Venant de Flossenbürg, nous avions la hantise de la carrière. Nous n'étions nullement rassurés en apprenant que nous étions affectés à ce Kommando. Et pourtant, grâce aux Tchèques et à leur aide constante, nous fûmes les moins malheureux. Les ouvriers de M. Chomout* étaient requis et obligés de rester sur place et de travailler pour les Allemands. Des consignes très sévères et très minutieuses nous concernant leur avait été données. Tout rapport avec nous leur était interdit. Il n'en fut rien. Malgré la rigueur des ordres reçus, leur cœur parla, les Tchèques s'employèrent à nous secourir, très vite, les ouvriers organisèrent la solidarité. Ils le firent en corrompant les Allemands qui nous gardaient car eux aussi commençaient à avoir faim. M. Chomout, lui aussi, aida les déportés. Il sut qu'il y avait un prêtre français au camp de Janovice. Il aimait beaucoup la France. Tous les matins on voyait arriver le grand Nevack avec un sac de jute sur le dos et dans le sac deux pains ronds comme les miches de nos campagnes. Imaginez la joie d'un morceau de pain quand on a faim. Ce pain, je fus chargé de le distribuer entre Russes, Polonais et Français qui travaillaient à la carrière. M. Chomout donnait des fruits, des médicaments. Nous eûmes même une fois de la bière et des gâteaux. [...]

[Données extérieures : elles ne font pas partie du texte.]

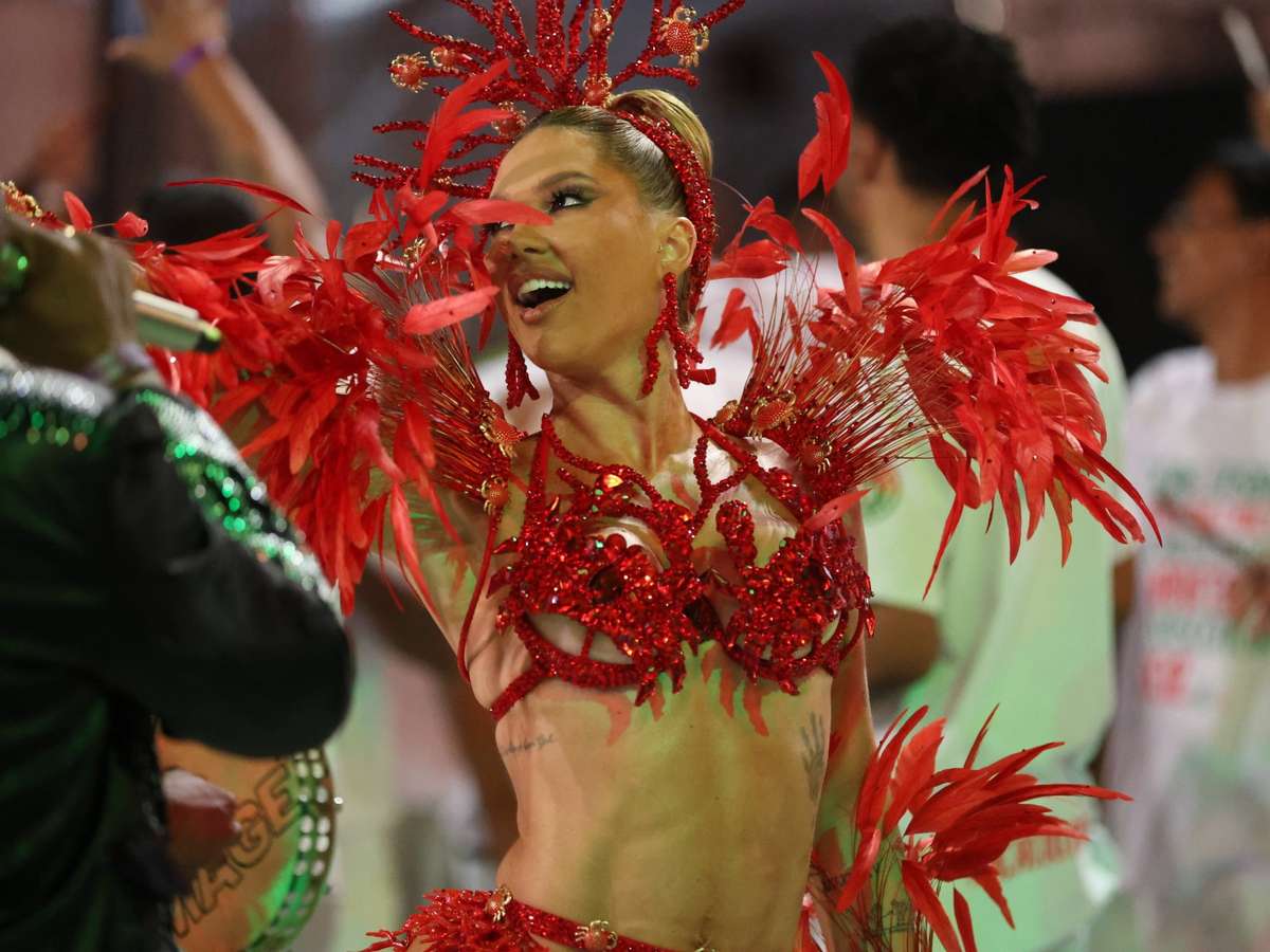 Gkay foi de saia com franjas e top, ambos em vermelho e branco com brilho, para o desfile para a Salgueiro. O look é assinado por Michelly X.

A Noël, la solidarité tchèque se manifesta d'une manière plus active que jamais. En plus du pain, on nous distribua de la pâtisserie préparée par la population des villages environnants, ce dont profitaient nos gardiens qui, de ce fait n'en parlaient pas. Les habitants y mirent un tel empressement que les officiers s'en aperçurent. Il y eut des représailles et je crois savoir qu'un ouvrier de la carrière fut gravement puni.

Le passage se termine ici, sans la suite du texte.